Met betrekking tot het Hart van Zuid willen wij een viertal punten opmerken. Gezien de kritiek die er op de eerste presentaties is gekomen, willen wij nog eens wijzen op het grote belang van blijvende aandacht voor betrokkenheid en invloed van bewoners en bewonersorganisaties. De planontwikkeling van het Hart van Zuid zal niet mogen leiden tot minder aandacht en middelen voor wat er in andere wijken nog allemaal moet gebeuren. De planontwikkeling zal ook niet mogen leiden tot onaanvaardbare werkdruk op onze medewerkers. Het ROC dient aan een maximum van 10.000 studenten te worden gehouden om het risico van een hartinfarct te voorkomen.

De herinrichting van de Binnenstad dient niet langer alsmaar extra middelen te blijven opslokken ten koste van de voorzieningen elders in de stad. Het is inmiddels wat ons betreft mooi genoeg geweest.

In hoeverre en voor hoeveel Hengelo Promotie nodig is zal eerst maar eens moeten blijken uit de al zo lang toegezegde nota en de evaluatie van wat er zich de afgelopen jaren op dat gebied allemaal heeft afgespeeld.

De Sociale Werkvoorziening dient in het belang van de mensen die daarop zijn aangewezen in handen van de overheid te blijven. Is het college dat met ons eens? En ook dat reïntegratie alleen op basis van vrijwilligheid en met terugkeergarantie dient te geschieden.

Het Regionaal Indicatie Orgaan doet als afkorting dan wel denken aan vakantie en palmenstranden, maar in werkelijkheid is het met de RIO’s helemaal niet best gesteld. Waren het eerst de zorginstellingen die door gebrek aan geld en personeel duizenden mensen op ellenlange wachtlijsten plaatsten alvorens de noodzakelijk hulp te verlenen Nu dat probleem merendeels lijkt opgelost, zijn het de indicatieorganen die problemen veroorzaken. Ook in onze regio bevestigt de praktijk het landelijk standpunt van de SP dat de RIO’s maar beter kunnen worden opgeheven. In elk geval dienen de huidige problemen eerst te worden opgelost, alvorens ook maar gedacht kan worden aan verdergaande fusies. Kan het college ons hierover nader informeren.
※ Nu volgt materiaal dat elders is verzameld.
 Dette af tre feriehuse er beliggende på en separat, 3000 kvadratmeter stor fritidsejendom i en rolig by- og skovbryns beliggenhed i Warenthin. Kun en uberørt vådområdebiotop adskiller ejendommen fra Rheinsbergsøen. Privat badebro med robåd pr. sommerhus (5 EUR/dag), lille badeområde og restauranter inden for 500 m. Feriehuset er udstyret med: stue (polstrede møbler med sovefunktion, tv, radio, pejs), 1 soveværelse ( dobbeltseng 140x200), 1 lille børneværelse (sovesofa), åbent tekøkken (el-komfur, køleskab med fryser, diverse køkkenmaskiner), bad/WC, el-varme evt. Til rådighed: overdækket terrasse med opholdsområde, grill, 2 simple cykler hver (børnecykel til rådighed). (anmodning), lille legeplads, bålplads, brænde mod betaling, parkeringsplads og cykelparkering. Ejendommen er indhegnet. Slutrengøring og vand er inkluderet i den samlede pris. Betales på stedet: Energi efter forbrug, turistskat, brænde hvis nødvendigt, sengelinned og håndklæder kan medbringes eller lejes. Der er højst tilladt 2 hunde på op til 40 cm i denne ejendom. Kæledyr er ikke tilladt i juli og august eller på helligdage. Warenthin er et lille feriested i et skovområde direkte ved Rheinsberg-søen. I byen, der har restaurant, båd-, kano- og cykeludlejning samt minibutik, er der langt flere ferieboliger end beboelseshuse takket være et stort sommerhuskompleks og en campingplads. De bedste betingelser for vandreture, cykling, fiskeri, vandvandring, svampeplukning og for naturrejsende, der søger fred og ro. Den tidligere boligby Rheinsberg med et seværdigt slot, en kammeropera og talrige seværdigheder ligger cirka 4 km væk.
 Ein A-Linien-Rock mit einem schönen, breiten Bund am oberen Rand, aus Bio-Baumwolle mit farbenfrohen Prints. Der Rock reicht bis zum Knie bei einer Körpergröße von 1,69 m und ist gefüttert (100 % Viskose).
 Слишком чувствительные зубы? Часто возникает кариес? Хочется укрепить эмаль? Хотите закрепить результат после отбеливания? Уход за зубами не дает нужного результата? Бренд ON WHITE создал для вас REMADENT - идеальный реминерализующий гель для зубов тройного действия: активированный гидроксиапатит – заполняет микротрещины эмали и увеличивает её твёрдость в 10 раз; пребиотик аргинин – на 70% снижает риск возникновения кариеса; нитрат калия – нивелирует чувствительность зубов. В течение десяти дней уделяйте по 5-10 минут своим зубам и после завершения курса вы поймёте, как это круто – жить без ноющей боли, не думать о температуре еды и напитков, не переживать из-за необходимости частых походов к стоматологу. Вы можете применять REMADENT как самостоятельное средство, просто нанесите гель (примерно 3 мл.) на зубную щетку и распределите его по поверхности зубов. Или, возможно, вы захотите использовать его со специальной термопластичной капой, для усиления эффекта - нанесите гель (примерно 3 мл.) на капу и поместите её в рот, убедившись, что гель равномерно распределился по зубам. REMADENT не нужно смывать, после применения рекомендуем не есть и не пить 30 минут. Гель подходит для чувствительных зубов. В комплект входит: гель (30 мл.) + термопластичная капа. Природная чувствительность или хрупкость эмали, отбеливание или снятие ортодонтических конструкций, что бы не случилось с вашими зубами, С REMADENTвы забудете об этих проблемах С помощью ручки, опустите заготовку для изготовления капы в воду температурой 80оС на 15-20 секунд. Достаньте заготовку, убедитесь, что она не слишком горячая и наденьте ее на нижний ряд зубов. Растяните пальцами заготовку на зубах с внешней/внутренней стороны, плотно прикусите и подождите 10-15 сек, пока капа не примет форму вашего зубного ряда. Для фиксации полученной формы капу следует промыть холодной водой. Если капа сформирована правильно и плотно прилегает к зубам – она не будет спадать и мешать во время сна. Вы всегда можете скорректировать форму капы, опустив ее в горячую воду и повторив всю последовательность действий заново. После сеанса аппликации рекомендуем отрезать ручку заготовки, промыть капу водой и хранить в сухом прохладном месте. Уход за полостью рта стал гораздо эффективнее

Met de minister van Sociale Zaken zijn door de G21 afspraken gemaakt over extra maatregelen die ertoe moeten leiden, dat mensen in de bijstand sneller aan het werk gaan of maatschappelijk actief worden. Hoe denkt het college in dit kader om te gaan met de terugdringing van het aantal ontheffingen van de arbeidsverplichting van met name alleenstaande ouders met een bijstandsuitkering met kinderen jonger dan vijf jaar? Is het college met ons van mening dat dit alleen op basis van vrijwilligheid dient te gebeuren en dat de keuzevrijheid om zelf voor de kinderen te kunnen zorgen daarbij voorop dient te staan? Want als de zorg voor en opvoeding van kinderen geen maatschappelijke activiteit meer is in wat voor maatschappij zijn wij dan terecht gekomen

Tenslotte zijn er dan nog de verschillende overschotten Allereerst is dat dan het begrotingsoverschot. Wat dat betreft zijn wij van mening, dat het toch niet valt uit te leggen, dat eerst de OZB in twee achtereenvolgende jaren met 1% wordt verhoogd en mede daardoor vervolgens een overschot op de begroting ontstaat. De conclusie van onze kant is dan ook, dat de verhoging van de OZB nu niet nodig is en derhalve ook niet gewenst. Een eventuele verhoging van de OZB kan dan zonodig worden betrokken bij de uitwerking van het nieuwe collegeprogramma van komend voorjaar.

Dan is er de meevaller van het extra rekeningoverschot. Het college heeft voor de bestemming daarvan een aantal sympathieke voorstellen gedaan. Maar voor ons is deze meevaller nou juist de gelegenheid bij uitstek om de mensen met een uitkering daarvan te laten profiteren. Iedereen die een baan heeft ontvangt tegen het eind van het jaar altijd wat extra’s van de baas in welke vorm dan ook. Bovendien is december altijd al extra dure maand vanwege de verschillende feestdagen. Voor mensen in de bijstand tikt dat dubbel aan. Wel extra kosten, maar geen extra geld. Tijdens elke Sociale Conferentie kwam het punt van een extra uitkering aan het eind van het jaar dan ook steeds weer naar voren als een van de meest gewenste zaken. Daarom stellen wij voor om 300.000 gulden van het extra rekeningoverschot te bestemmen voor een eindejaarsuitkering van 100 gulden voor mensen met een bijstandsuitkering of met een vergelijkbaar inkomen.